EXERCISE: Using the data below, reproduce exactly the lines from the line with "Diamond Light Blue" to the line with "EL 151 | 988", both included; pictures must be dropped.

Collected data entries:
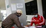 Petugas Gugus tugas (kanan) melayani masyarakat yang mengurus Surat Ijin Keluar Masuk (SIKM) di Posko Gugus Tugas Covid 19 Kota Sorong, Papua Barat, Selasa (7/7/2020). Tim gugus tugas Covid 19 Kota Sorong sejak dibukanya kembali transportasi massal pada awal Bulan Juni secara terbatas, telah mengeluarkan 3.000 lebih SIKM bagi masyarakat yang hendak datang ataupun meninggalkan Kota Sorong. (FOTO : ANTARA FOTO/Olha Mulalinda)
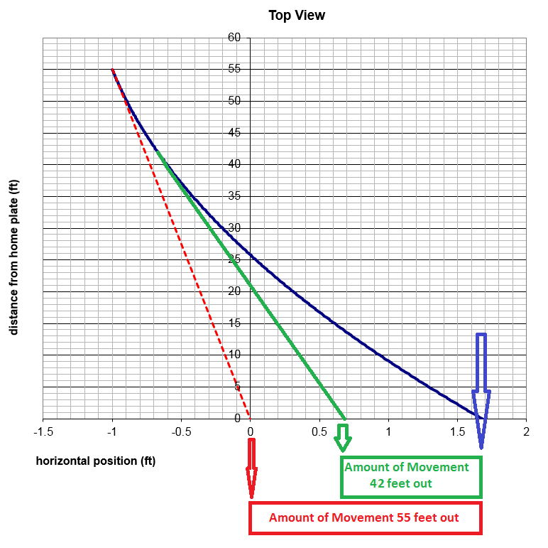 42피트 지점에서 측정한 예상 궤적(초록색), 55피트 지점에서 측정한 예상 궤적(붉은색), 실제 투구 궤적(파란색). (이미지=tangotier.com)
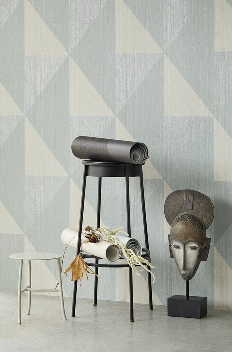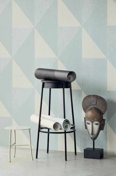 Diamond Light Blue Tri-Tone Geometric Wallpaper
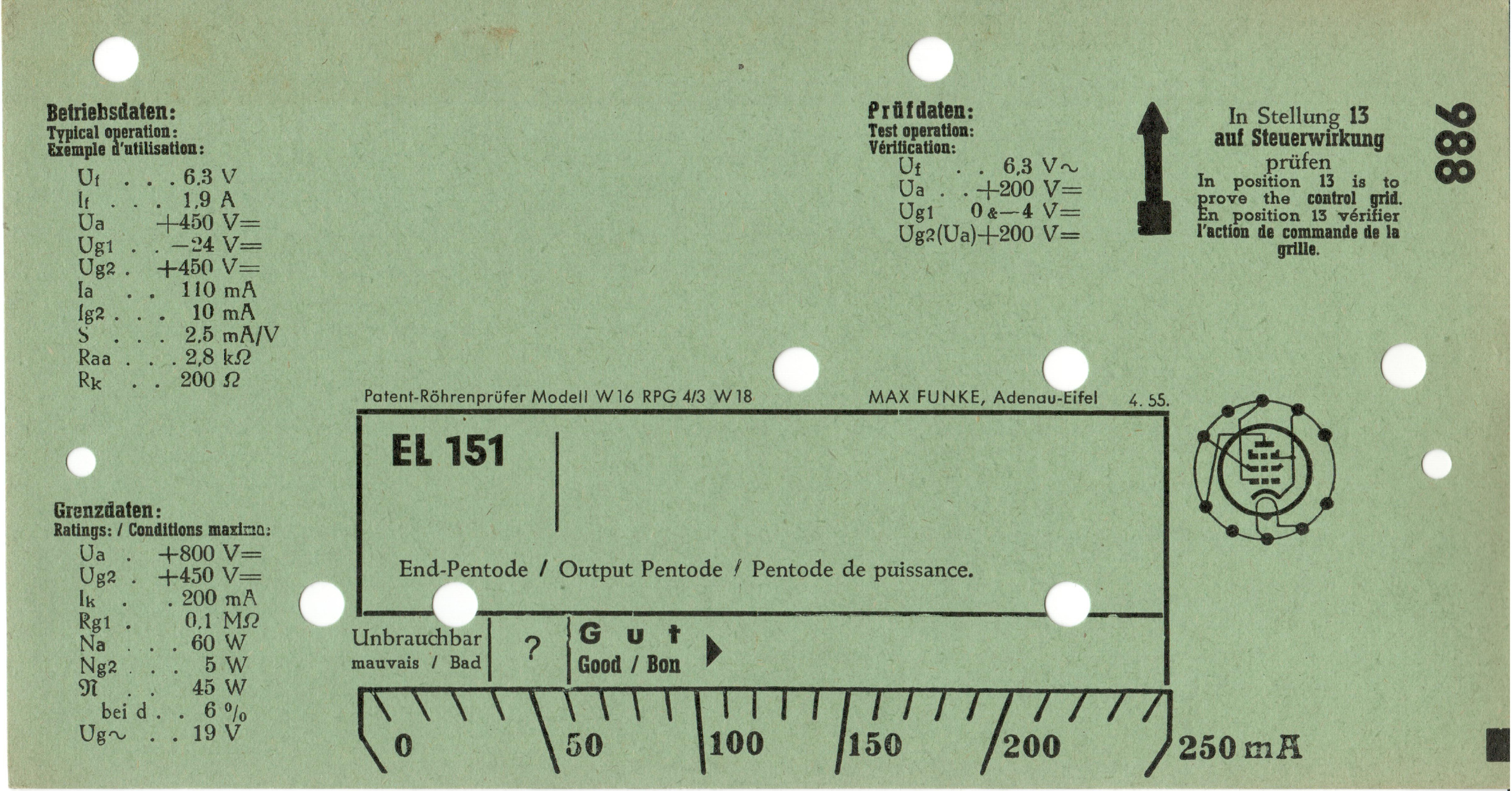 EL 151 | 988 | #1: Funke-Prüfkartenverzeichnis vom 1.3.57 | Europa-Röhrentypen |
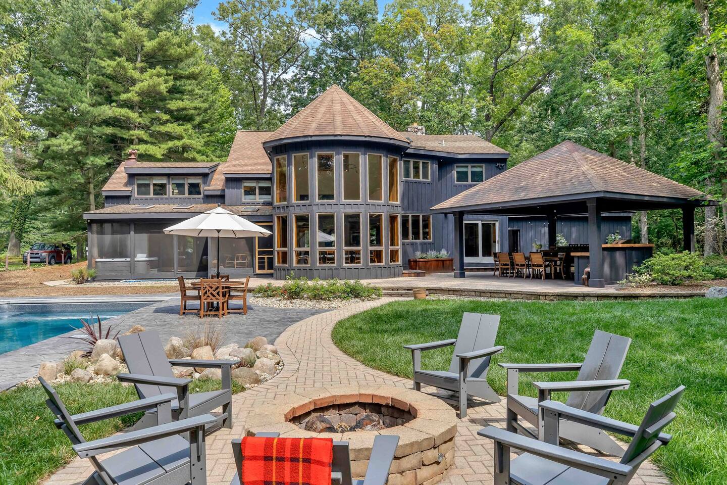 Entirely renovated and outfitted for multiple families, The Nest Lake Michigan is the perfect place for your next escape from the ordinary. Convenient to all the adorable beach towns of SW Michigan, and 90 mins from Chicago. The grounds feature a heated pool, hot tub, unrivaled outdoor kitchen, games, toys, books, and all the luxury amenities you need for the ultimate staycation. Bike 12 minutes to the nearest beach access, or drive 12 mins N to St. Joe's, or 8 mins S to Warren Dunes.
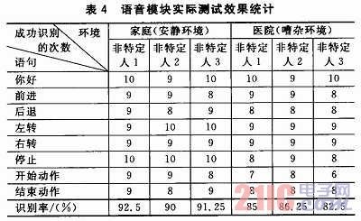 為了保證設(shè)計的語音識別模塊的語音識別率、穩(wěn)定性和響應(yīng)時間,本文對所描述的語音識別模塊做了相應(yīng)的測試,測試環(huán)境分別為安靜的家庭環(huán)境和嘈雜的醫(yī)院環(huán)境,共8條語音指令,對每條語音指令分別進行10次測試,每個環(huán)境下對每個特定人的總實驗次數(shù)為80次,記錄成功識別的次數(shù)。測試結(jié)果如表4所列。

FINAL ANSWER:
 Diamond Light Blue Tri-Tone Geometric Wallpaper
 EL 151 | 988 | #1: Funke-Prüfkartenverzeichnis vom 1.3.57 | Europa-Röhrentypen |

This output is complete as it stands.